Links to Paper and Supplementary Materials

Main Paper (Open Access Version): https://papers.miccai.org/miccai-2025/paper/2187_paper.pdf

SharedIt Link: Not yet available

SpringerLink (DOI): Not yet available

Supplementary Material: Not Submitted

Link to the Code Repository

https://github.com/Jenn-He/Blaze3DM

Link to the Dataset(s)

N/A

BibTex

@InProceedings{HeJia_Blaze3DM_MICCAI2025,
        author = { He, Jia and Li, Bonan and Yang, Ge and Liu, Ziwen},
        title = { { Blaze3DM: Integrating Triplane Representation with Diffusion for Solving 3D Inverse Problems in Medical Imaging } },
        booktitle = {proceedings of Medical Image Computing and Computer Assisted Intervention -- MICCAI 2025},
        year = {2025},
        publisher = {Springer Nature Switzerland},
        volume = {LNCS 15961},
        month = {September},
        page = {56 -- 66}
}

Reviews

Review #1

  • Please describe the contribution of the paper

    The authors present a new neural network architecture that combines 2D convolutional neural networks applied in XY, YZ, and XZ planes to enforce consistent three-dimensional volumetric estimates. The authors also claim to introduce a new guidance method, but it appears to use existing guidance methods to their novel architecture.

  • Please list the major strengths of the paper: you should highlight a novel formulation, an original way to use data, demonstration of clinical feasibility, a novel application, a particularly strong evaluation, or anything else that is a strong aspect of this work. Please provide details, for instance, if a method is novel, explain what aspect is novel and why this is interesting.

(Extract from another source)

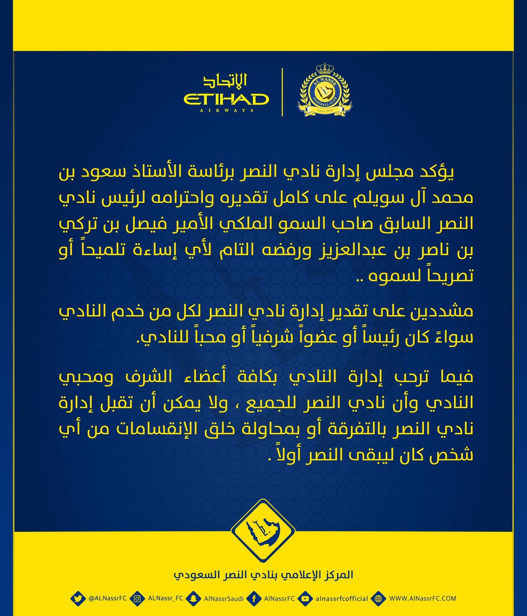 ماجد الأحمري سلمان Auf Twitter بيان محترم جدا وعلى كل نصراوي العمل به تحقيقا للمصلحة هذا ما كن ا نطالب الإدارة السابقة به حينما كان منتدى النصر الرسمي يسلخ رؤساء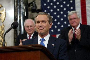 美國當地時間1月28日晚,布什總統在國會山發(fā)表了一年一度的《國情咨文》。

    The strength of the paper is that it addresses a very important issue of three-dimensional consistency. The idea of a tri-plane neural field is a good solution to this problem.

  • Please list the major weaknesses of the paper. Please provide details: for instance, if you state that a formulation, way of using data, demonstration of clinical feasibility, or application is not novel, then you must provide specific references to prior work.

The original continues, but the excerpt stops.